A propósito do tema, Souza e Pires (2018, p. 65 e 73) mencionam que a partir da promulgação do PNE 2014-2024, a prioridade de repasse de recurso financeiro para educação recairia sobre os entes federados que formulassem legislação própria acerca de GDE. Os autores verificaram que cumpriram essa exigência legal apenas: “Acre, Amapá, Rondônia (Norte); Piauí, Rio Grande do Norte, Alagoas e Sergipe (Nordeste); Rio de Janeiro (Sudeste); Rio Grande do Sul (Sul); Mato Grosso e Goiás, além do Distrito Federal (Centro-Oeste).”

A seguir, constam quadros indicativos de como a GDE está prevista nos Planos de Educação em território brasileiro, por Região geográfica:

Ao analisar o Quadro 1, relacionado à previsão da GDE nas sete UF nortistas, verifica-se que Pará e Roraima reproduziram ipsis litteris o texto da Meta 19/PNE 2014-2024, corroborando a referida redação. Quanto ao Acre, Amazonas, Rondônia e Tocantins preservaram o mérito do texto do PNE, porém suprimiram ou acrescentaram elementos à redação-matriz. O Amapá elaborou seu próprio texto acerca da meta de implantação da GDE, reafirmando o já previsto na Lei da GDE/AP, aprovada em 2010, fator que contribui à consolidação da política nacional.

Quadro 1
PEE aprovados nos Estados da Região Norte (2015)

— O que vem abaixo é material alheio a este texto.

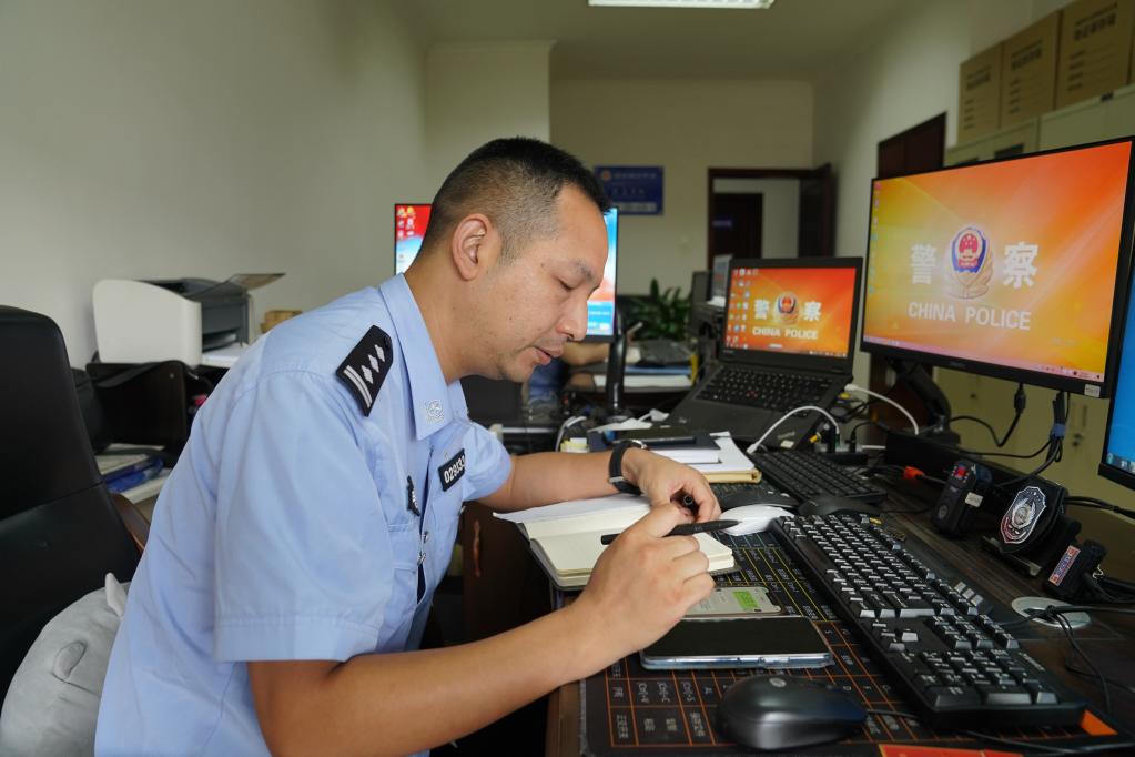 工作中的民警胡祥雨。(绵阳市公安局供图)

No Quadro 2, vê-se que os PEE de Alagoas, Pernambuco e Rio Grande do Norte trazem a meta de implantação da GDE com a mesma redação que o PNE 2014-2024 esboça em seu texto, ensejando concordância literalcom o descrito em sua Meta 19. Os PEE da Bahia, Ceará, Maranhão, Paraíba, Piauí e Sergipe, por sua vez, conservaram em suas respectivas metas sobre GDE alguns elementos da redação do PNE, porém suprimiram ou acrescentaram ideias aos seus textos-base.

Quadro 2
PEE aprovados nos Estados da Região Nordeste (2014-2016)

A análise dos PEE das UF do Centro-Oeste, no Quadro 3, aponta que Mato Grosso do Sul apenas reproduziu a Meta 19. Mas, Distrito Federal e Goiás redigiram seu próprio texto. Mato Grosso não traz em seu PEE uma meta específica destinada à GDE, porém, ao longo do documento há várias menções sobre o tema.

Quadro 3
PEE aprovados nos Estados da Região Centro-Oeste (2014-2015)

No Quadro 4 é possível visualizar que os Estados de Espírito Santo e São Paulo redigiram a meta de efetivação da Gestão Democrática Escolar tal como descrita no PNE/2014-2024. Minas Gerais, por seu turno, delineou sua própria meta para a GDE e estipulou um prazo para o efetivo cumprimento.

Quadro 4
PEE aprovados nos Estados da Região Sudeste (2009-2018)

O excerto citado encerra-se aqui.